Nothing Is a Sure Thing: Actions and Consequences on "Damages"

"Girls have secrets; men have honor." - Barry

"You are only as happy as your saddest child." - Ibrahim

"When I look at you, all I see is guilt." - Patty

This week's taut and engaging episode of Damages ("The Dog is Happier Without Her"), written by Aaron Zelman and directed by Matthew Penn, advanced the parallel plots in the present day and the six months in the future timeframe, offering a number of intriguing twists even as the plot continued to uncoil itself.

But while the episode's focus was piecing together the various mysteries that confront both the Tobin family, the district attorney's office, and the lawyers at the newly minted Hewes Shayes & Associates, the specter of the past had a way of showing up in the form of Patty's ex-husband Phil Grey (Michael Nouri). With only the utterance of two words ("Ray Fiske"), Phil has a way of ripping through Patty's armor in a way no one else can. Could it be that she does still regret what they did all those years ago to poor Ray?

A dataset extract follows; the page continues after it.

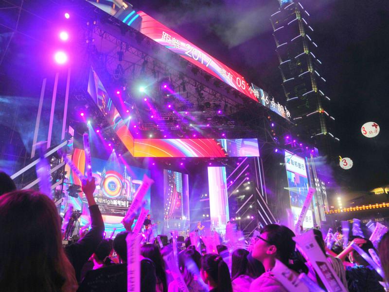 圖:台北跨年晚會在台北市政府前廣場舉行,樂團與歌手演唱,嗨翻全場/中央社
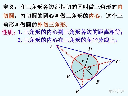 与三角形三边都相切的圆叫做三角形的内切圆,圆心叫做三角形的内心,三角形叫做圆的外切三角形,三角形的内心是三角形三条角平分线的交点。

This week's installment found Patty and Tom inching their way closer to the truth about the Tobin case, aided by Ellen Parsons. That Ellen would be the one to do what neither Patty nor Tom could do (track down the person to whom the initials DMM belonged) is rather ironic. Or, should you believe Patty to be the ultimate gamesman, only fitting, really.

So what did I think of this week's episode? Let's discuss.

This week's episode, the season's second, was another superlative installment that ramped up the tension and kept the various plots moving at a breakneck pace. While we see more of the fallout from Patty and Phil's divorce (as well as a host of regrets), the Tobin case becomes more personal for Tom and Ellen finds herself being increasingly drawn back into Patty's orbit.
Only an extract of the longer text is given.